Par Vicki Sahanatien, cadre supérieure, Relations avec les gouvernements et les communautés, programme Arctique
Au printemps, j’ai passé quelques semaines au bassin Kane, très haut dans l’Arctique, au cœur de cette zone que nous appelons le Dernier refuge de glace. J’y étais pour un stage de recherche sur les ours polaires et l’évolution de la banquise qui constitue leur principal habitat. À mesure que l’Arctique se réchauffe et que la glace recule, nous voyons cette zone devenir de plus en plus importante et même cruciale pour toutes les espèces qui dépendent de la banquise.
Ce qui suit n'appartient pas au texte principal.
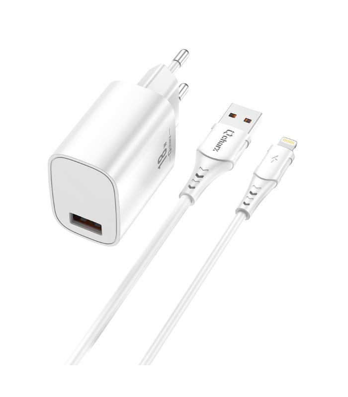 Kit cargador 18W de carga rápida con cable Tipo USB a Lightning con carcasa ignífuga y chip de carga inteligente.
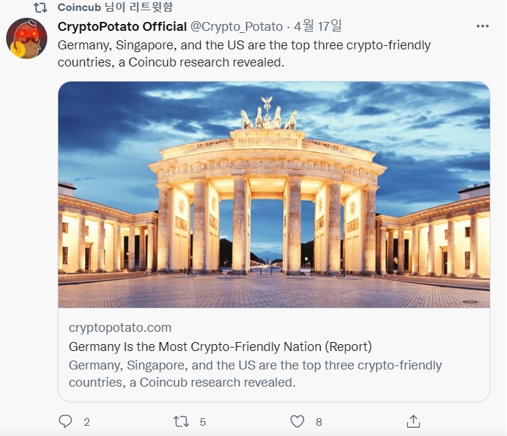 코인커브는 상위 디지털 자산 친화적인 국가의 순위가 지난 몇 달 동안 변경 되었음을 언급했다. 이 회사는 "독일의 암호화폐 수용과 암호화폐 투자 허용에 대한 획기적인 결정으로 2022년 1분기에 1위를 차지했다"라고 말했다.
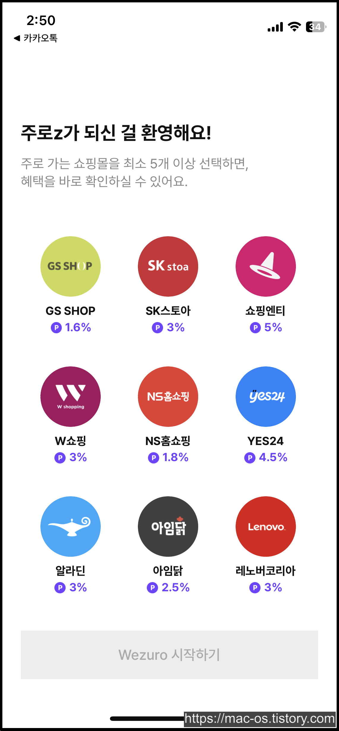 이용약관에 동의하고 주로 가는 쇼핑몰 최소 5개 이상 선택합니다.
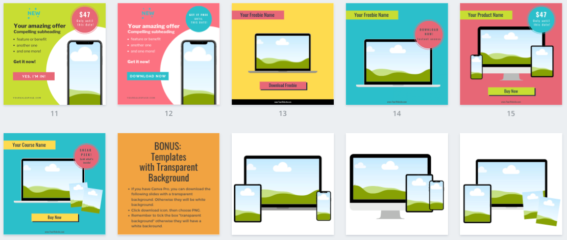 You can use the free version of Canva to edit the templates, and there are lots of free stock photos, design elements, and animated gifs for you to choose from, and of course you can upload your own photos! You'll be able to download the animated video mock-ups you create as static images (.png or .jpg) or as videos (.mp4).
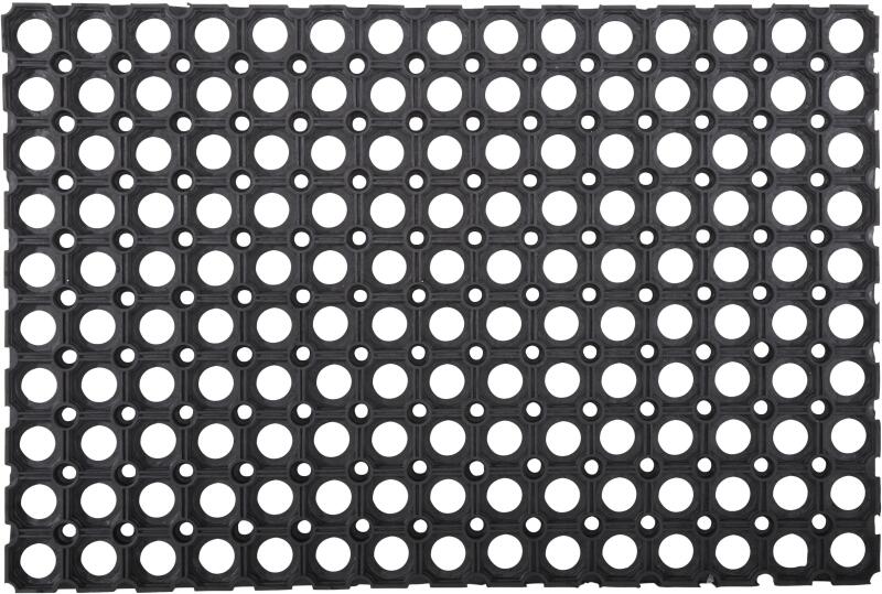 A gumikefe szőnyeg részleteGumikefe tisztítószőnyeg 90 × 180 × 1,2 cm Ez a praktikus gumiszőnyeg megtisztítja cipőjét a finomabb szennyeződésektől, például sártól vagy fűtől. A felület nagy része sűrűn borított kiemelkedésekkel, amelyek ellátják kefe funkcióját. alkalmas például az előszobába tartós és igénytelen anyag könnyű tisztítás

Il est donc essentiel de mieux comprendre cette région et ses habitants actuels.
Quand il est question de recherche sur le terrain dans l’Arctique, le temps qu’il fait constitue un facteur de première importance. La météo mène le projet. Presque toute recherche là-haut dépend du soutien aérien, ce qui n’est pas étonnant dans cette vaste région presque dépourvue de routes. Des hélicoptères et des Twin Otters amènent les gens, le carburant, l’équipement et les vivres aux camps dispersés qui servent de port d’attache aux équipes durant la saison des recherches. Selon la nature du travail sur le terrain, il se peut qu’un hélicoptère reste avec l’équipe. L’étude des ours polaires requiert généralement l’usage d’un hélicoptère, et c’est pourquoi les conditions météorologiques ont joué un rôle si important dans notre travail.
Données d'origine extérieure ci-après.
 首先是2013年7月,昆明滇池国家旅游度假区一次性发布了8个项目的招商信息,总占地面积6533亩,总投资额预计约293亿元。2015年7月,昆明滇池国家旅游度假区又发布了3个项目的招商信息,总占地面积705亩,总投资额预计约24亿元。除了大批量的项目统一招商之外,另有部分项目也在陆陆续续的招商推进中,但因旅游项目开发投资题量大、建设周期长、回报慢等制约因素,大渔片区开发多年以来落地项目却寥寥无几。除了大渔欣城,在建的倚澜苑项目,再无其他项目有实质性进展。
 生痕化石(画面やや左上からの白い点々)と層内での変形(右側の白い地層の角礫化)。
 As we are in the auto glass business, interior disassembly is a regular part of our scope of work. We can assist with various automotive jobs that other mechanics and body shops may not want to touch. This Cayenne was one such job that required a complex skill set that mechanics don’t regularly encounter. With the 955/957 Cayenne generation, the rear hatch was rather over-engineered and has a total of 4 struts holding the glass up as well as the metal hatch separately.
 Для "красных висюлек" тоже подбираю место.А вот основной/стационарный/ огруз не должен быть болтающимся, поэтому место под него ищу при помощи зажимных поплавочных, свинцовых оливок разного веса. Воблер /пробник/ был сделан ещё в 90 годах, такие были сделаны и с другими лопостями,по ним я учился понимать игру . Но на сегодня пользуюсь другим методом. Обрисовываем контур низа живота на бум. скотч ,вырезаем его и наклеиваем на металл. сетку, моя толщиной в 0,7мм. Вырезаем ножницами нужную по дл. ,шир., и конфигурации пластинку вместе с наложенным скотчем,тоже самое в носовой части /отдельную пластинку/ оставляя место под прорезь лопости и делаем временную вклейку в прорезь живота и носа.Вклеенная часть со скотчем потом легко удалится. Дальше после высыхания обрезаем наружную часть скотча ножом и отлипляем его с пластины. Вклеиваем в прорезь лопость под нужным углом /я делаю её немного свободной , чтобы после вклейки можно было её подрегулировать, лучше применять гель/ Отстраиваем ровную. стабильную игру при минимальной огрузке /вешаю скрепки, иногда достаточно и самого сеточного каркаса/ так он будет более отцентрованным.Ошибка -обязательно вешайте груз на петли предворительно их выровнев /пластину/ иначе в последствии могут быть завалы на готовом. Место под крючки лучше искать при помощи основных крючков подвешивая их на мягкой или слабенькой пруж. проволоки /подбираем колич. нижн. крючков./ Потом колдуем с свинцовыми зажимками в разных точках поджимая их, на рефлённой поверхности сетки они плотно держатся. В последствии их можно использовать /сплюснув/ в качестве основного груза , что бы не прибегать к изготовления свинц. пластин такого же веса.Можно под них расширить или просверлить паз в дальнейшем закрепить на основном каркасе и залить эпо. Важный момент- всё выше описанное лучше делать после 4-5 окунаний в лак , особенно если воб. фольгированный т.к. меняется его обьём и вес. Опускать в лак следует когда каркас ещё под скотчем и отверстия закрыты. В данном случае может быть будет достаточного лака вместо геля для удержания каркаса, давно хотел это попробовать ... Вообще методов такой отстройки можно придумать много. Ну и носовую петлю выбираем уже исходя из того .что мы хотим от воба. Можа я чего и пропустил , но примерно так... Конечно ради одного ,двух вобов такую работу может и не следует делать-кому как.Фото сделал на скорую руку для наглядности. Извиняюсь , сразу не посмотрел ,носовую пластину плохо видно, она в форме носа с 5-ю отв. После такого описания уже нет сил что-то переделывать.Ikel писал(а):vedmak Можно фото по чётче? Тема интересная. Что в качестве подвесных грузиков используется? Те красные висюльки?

Inlet Makinson © Vicki Sahanatien / WWF-Canada
Inlet Makinson © Vicki Sahanatien / WWF-Canada

Tous les chercheurs de l’Arctique prennent en compte des « congés météo » lorsqu’ils planifient leur calendrier de travail sur le terrain. Le temps a une incidence sur notre capacité de travail et le coût du projet – chaque jour de plus ajoute au prix de l’expédition. Dans le Haut-Arctique canadien, la plupart des chercheurs préparent leur expédition à la base logistique de l’Étude du plateau continental polaire située à Resolute, dans la baie du même nom. Aussitôt arrivés à bord d’un avion de ligne, ils vérifient leur matériel, puis attendent la prochaine fenêtre météo pour repartir. Dans notre cas, nous avons emprunté un autre vol commercial jusqu’au fjord Grise pour rejoindre l’hélicoptère qui nous y attendait après avoir servi à un projet sur le caribou de Peary. La courte piste d’atterrissage de l’endroit est entourée de montagnes sur trois côtés et les vents en restreignent l’accès.
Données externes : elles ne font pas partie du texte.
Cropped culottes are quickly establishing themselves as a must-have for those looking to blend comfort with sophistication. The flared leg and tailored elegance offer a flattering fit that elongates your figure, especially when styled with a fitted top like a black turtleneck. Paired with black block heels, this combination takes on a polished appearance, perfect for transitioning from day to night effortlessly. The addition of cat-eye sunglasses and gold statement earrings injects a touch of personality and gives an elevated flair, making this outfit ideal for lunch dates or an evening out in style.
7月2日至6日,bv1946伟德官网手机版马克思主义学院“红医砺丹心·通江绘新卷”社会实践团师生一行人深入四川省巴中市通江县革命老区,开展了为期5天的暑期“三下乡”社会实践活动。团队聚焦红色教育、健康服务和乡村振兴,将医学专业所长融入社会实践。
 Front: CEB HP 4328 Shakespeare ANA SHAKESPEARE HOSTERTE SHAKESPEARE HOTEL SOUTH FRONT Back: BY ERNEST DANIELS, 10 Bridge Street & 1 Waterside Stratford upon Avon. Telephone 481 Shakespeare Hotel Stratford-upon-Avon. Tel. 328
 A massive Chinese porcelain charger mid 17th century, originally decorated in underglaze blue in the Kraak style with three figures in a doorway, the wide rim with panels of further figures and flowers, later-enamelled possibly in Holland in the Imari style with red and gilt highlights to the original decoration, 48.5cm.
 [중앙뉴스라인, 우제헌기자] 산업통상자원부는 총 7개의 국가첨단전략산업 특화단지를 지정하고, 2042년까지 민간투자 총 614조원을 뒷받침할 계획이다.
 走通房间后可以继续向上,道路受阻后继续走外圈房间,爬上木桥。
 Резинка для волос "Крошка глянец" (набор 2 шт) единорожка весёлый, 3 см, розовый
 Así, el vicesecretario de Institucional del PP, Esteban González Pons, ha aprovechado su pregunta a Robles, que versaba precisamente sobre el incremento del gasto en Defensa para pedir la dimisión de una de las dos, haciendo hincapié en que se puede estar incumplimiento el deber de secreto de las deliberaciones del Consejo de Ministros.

Aéroport au fjord Grise © Vicki Sahanatien / WWF-Canada
Aéroport au fjord Grise © Vicki Sahanatien / WWF-Canada

Nous sommes arrivés là-haut le 24 avril comme prévu. Un bon départ! Notre pilote d’hélicoptère et son mécanicien n’ont pas eu la même chance et ne se sont pointés que le 27, avec un jour de retard à cause de la poudrerie. Voilà pourquoi je dis que la météo dicte le calendrier de travail.
Nous avons pu amorcer notre étude des ours polaires le 28 avril. Déposés par hélico à l’inlet Makinson, nous avons accompli une bonne journée de travail et toute l’équipe a vite adopté la routine des méthodes de recherche. Le lendemain, les vents violents et la poudrerie ont obligé l’équipe à rebrousser chemin; même chose le jour suivant. Nous avons enfin pu repartir avec trois jours de retard, mais pour une demi-journée seulement avant que le temps se gâte. Le lendemain, congé météo. Il nous fallait ensuite déménager l’équipe au fjord Alexandra. Le 3 mai, une fenêtre s’est ouverte pour permettre à l’hélicoptère d’effectuer le transfert, mais le Twin Otter, lui, n’a pu décoller. L’hélico nous a donc déposés avec des provisions pour quelques jours en attendant que l’avion puisse nous rejoindre.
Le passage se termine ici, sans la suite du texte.